Firstly, it is necessary to recognize that nurses have their own prescribed nursing policies which allow them to give certain forms of patient care without a prescription from the physicians (Kneedle & Dodge, 1994). For example, in skin care treatment, physicians are aware that they do not have to prescribe the skin care to nurses because they know nurses are capable of handling it on their own. This is true because nurses have guiding principles and procedures on how to look after any skin related infection (Coombs, 2004). Another example is that nurses have the obligation of preventing patient’s fall; thus, they do not need any prescription from the physicians on how to prevent the patient’s fall.

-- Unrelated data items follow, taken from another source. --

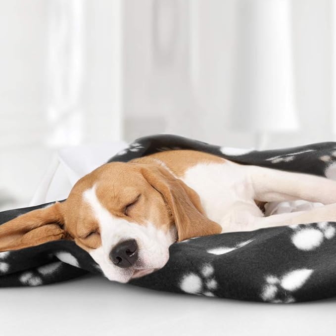 Comsmart Dog Blankets for Small Dogs, 6 Pack Puppy Blanket Cute Paw Print Pet Blanket for Dog, Puppy, Cat, Kitten, 39x31 inches, Black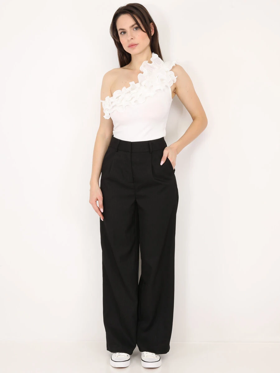 Top en maille côtelée à col asymétrique avec volants.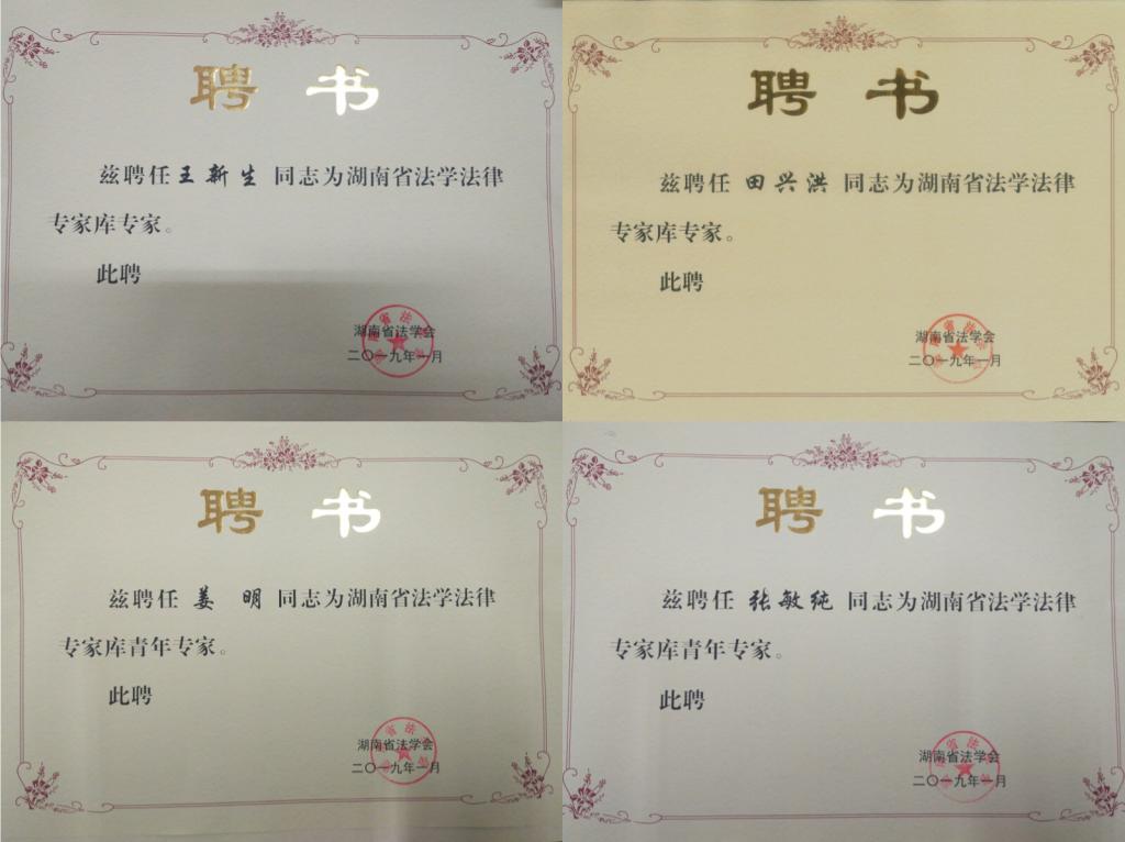 日前,湖南省政法委统一聘任158名同志为湖南省法学法律专家库首批专家,其中法学专家72名,法律专家68名,青年专家18名,永利官网王新生教授、田兴洪教授受聘为法学专家,张敏纯副教授、姜明副教授受聘为青年专家。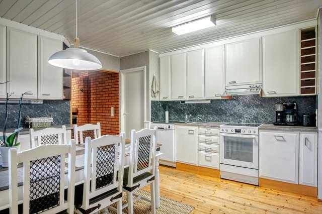- Keittiössä runsaasti kaappitilaa. Keittiökaapistojen ovet ja laatikostot vuodelta 2003, mutta erittäin siistikuntoiset. Lattia mäntylautaa.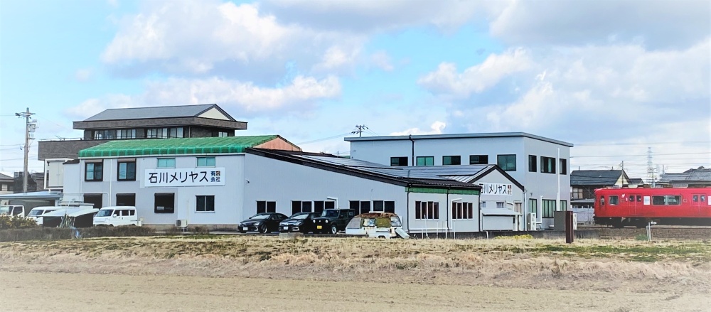 1957年創業の石川メリヤス有限会社(西尾市吉良町)は140台以上の編み機を擁するニット工場であり、リサイクル繊維を使った作業用手袋を始めとする多種多様なニット小物を生産しています。OEM生産(相手先ブランドの生産)が主力ですが、オリジナル商品の開発にも力を入れており、中でも「ラブヒール」という靴下は発売以来30年以上多くのお客様からの支持をいただいているロングセラー商品です。近年では、廃棄に回さざるを得ない残糸を利用したアップサイクル商品の開発にも力を入れています。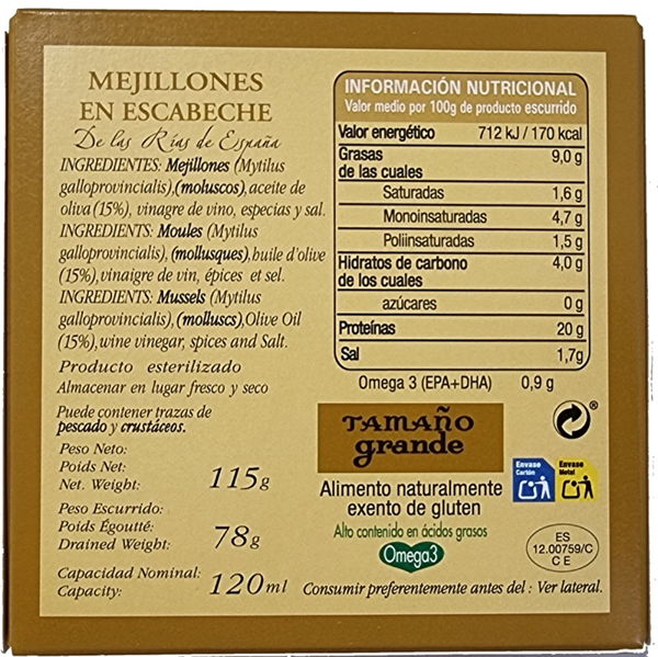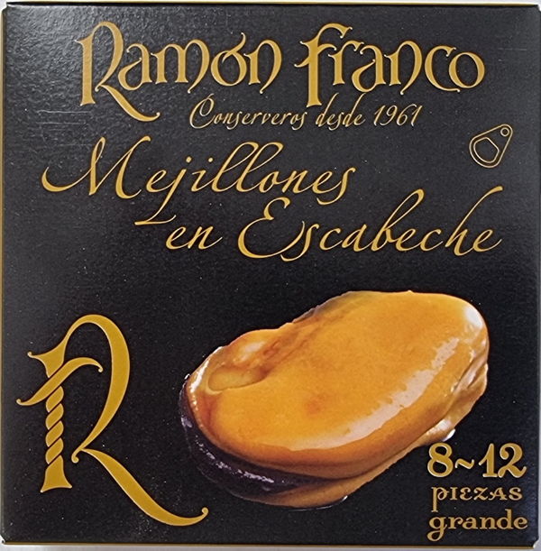 Mejillones en escabeche Ramon Franco 8/12 piezas.Los auténticos mejillones de las Rías Gallegas fritos en aceite de oliva. Como tradicionalmente se han preparado en Galicia. Con un escabeche muy suave. Ideal para el consumidor que no quiere sabor a vinagre. Los mejores del mercado!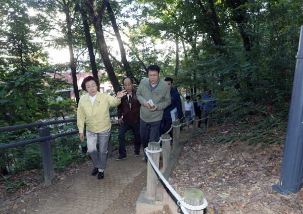지난 20일 신연희 서울 강남구청장이 재난 취약지역인 수서청소년수련관 절개지 일대 현장 점검을 실시했다. 사진은 취약지역을 방문해 현장을 둘러보며 관계직원과 이야기를 나누고 있는 신 구청장의 모습.(사진제공=강남구청)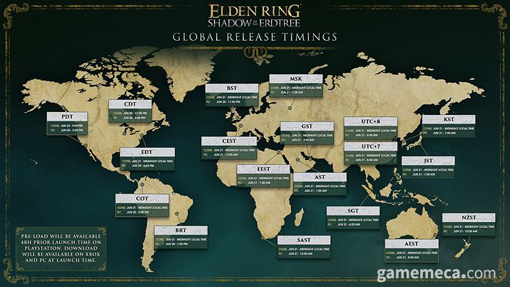 ▲ 황금 나무의 그림자 전세계 출시 시간 (사진출처: 엘든 링 공식 홈페이지) |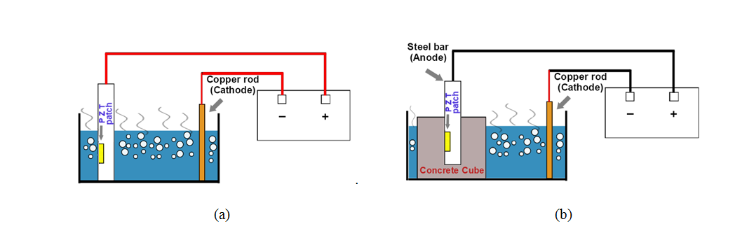 Figure 1: Data acquisition setup for accelerated corrosion in (a) bare rebar (b) embedded rebar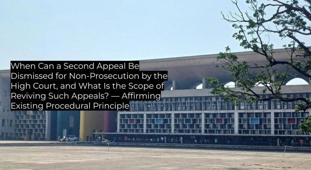 - Reaffirms that High Courts may dismiss second appeals for non-prosecution when appellant and counsel are untraceable and no fresh address or representation is on record.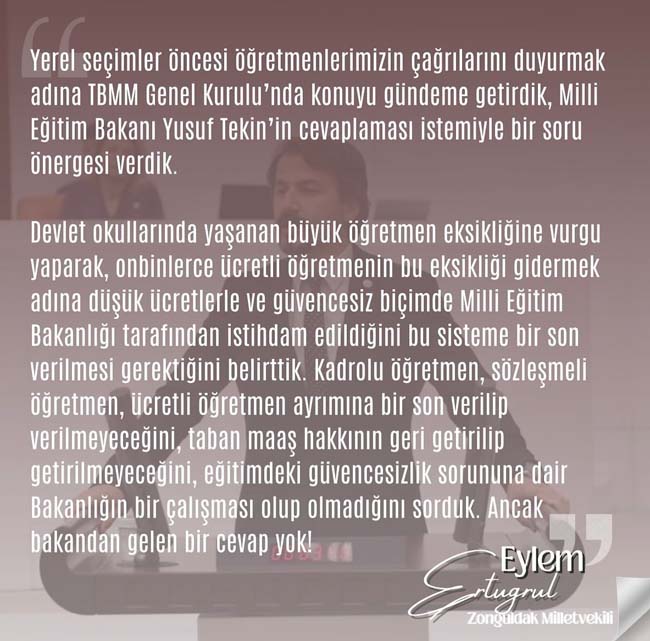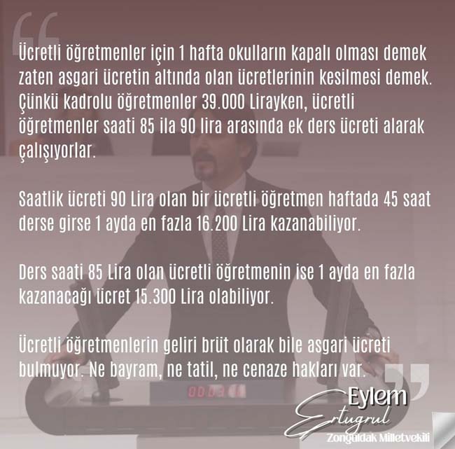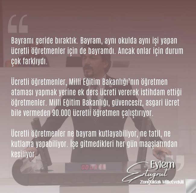 CHP Zonguldak Milletvekili Eylem Ertuğrul,ücretli öğretmenlerin sorunlarını bir kez daha gündeme getirirken, açıklamasında şu görüşlere yer verdi;
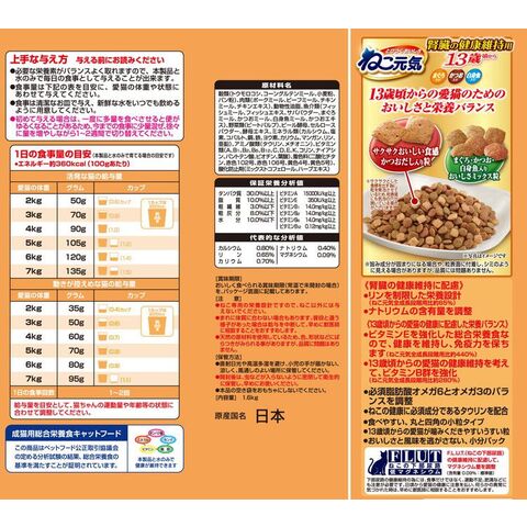 穀類(トウモロコシ、コーングルテンミール、小麦粉、パン粉)、肉類(ポークミール、ビーフミール、チキンミール、チキンエキス)、動物性油脂、魚介類(フィッシュミール、フィッシュエキス、サバパウダー、まぐろミール、かつおミール、白身魚ミール、かつおエキス)、野菜類(ビートパルプ)、ビール酵母、セルロースパウダー、酵母エキス、ミネラル類(カルシウム、塩素、コバルト、銅、鉄、ヨウ素、カリウム、マンガン、リン、亜鉛)、アミノ酸類(タウリン、メチオニン)、ビタミン類(A、B1、B2、B6、B12、C、D、E、K、コリン、ナイアシン、パントテン酸、ビオチン、葉酸)、着色料(二酸化チタン、赤色102号、赤色106号、黄色4号、黄色5号)、酸化防止剤(ミックストコフェロール、ハーブエキス)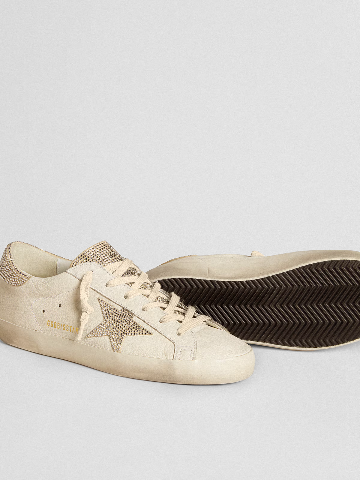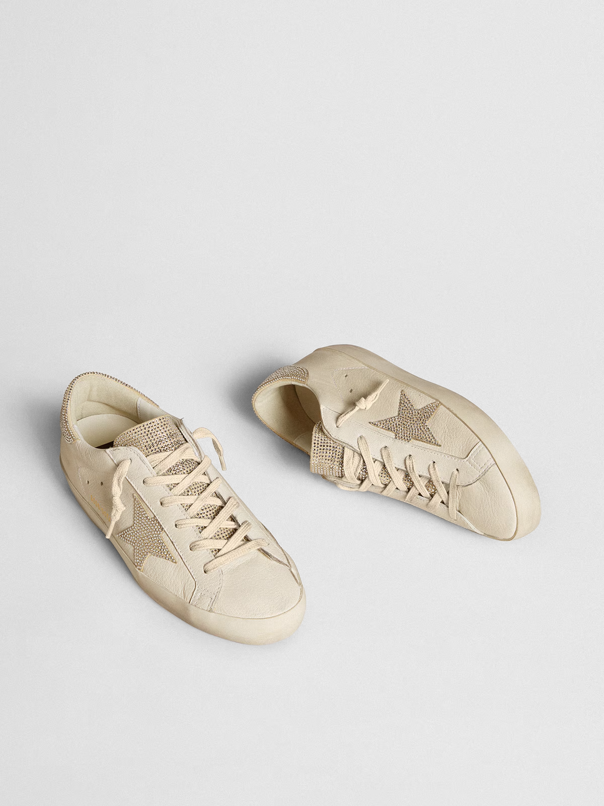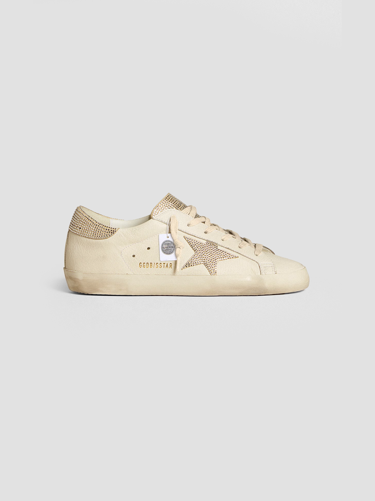 A timeless icon yet one that’s constantly evolving. At Golden, we love taking our classics and reworking them all the time, always from a new angle. These Super-Star with a white nappa leather upper feature a beige suede star and heel illuminated by tone-on-tone Swarovski crystals. The beige suede tongue and beige laces add the finishing touch.

In light with this, any procedure that physicians would like nurses adapt should fall under prescriptions of nursing and physicians codes of practice. Moreover, any procedure that violates nursing and physician protocol should not be endorsed at all costs (Coombs, 2004). Nonetheless, both physicians and nurses have the responsibility of ensuring that their codes of conduct do not contradict, or in any way jeopardize the patient’s care (Coombs, 2004). In order successfully to introduce any new procedure, it would be vital to include both physicians and nurses in the formulation of the procedure. This way, any matters arising from such a procedure would be discussed and resolved accordingly.
Conclusion
Physicians may find it necessary to introduce a procedure that they want nurses to adopt in care delivery, but the bottom line is that this procedure must be in line with professional practices and that the common ethical goal of not causing harm to the patient is maintained. However, the procedure may be reviewed and approved only if its aim is to improve care delivery and that both nurses and physicians are comfortable with it.

References:
Coombs, A. Maureen. (2004). Power and conflict between doctors and nurses: breaking through the inner circle in clinical care. New York: Routledge.
Kneedle, A. Julia & Dodge, H. Gwen. (1994). Perioperative patient care: the nursing perspective. Boston: Jones and Bartlett Publishers.
Tulchinsky, H. Theodore & Varavikova, E. (2009). The new public health. Amsterdam; Boston: Elsevier / Academic Press.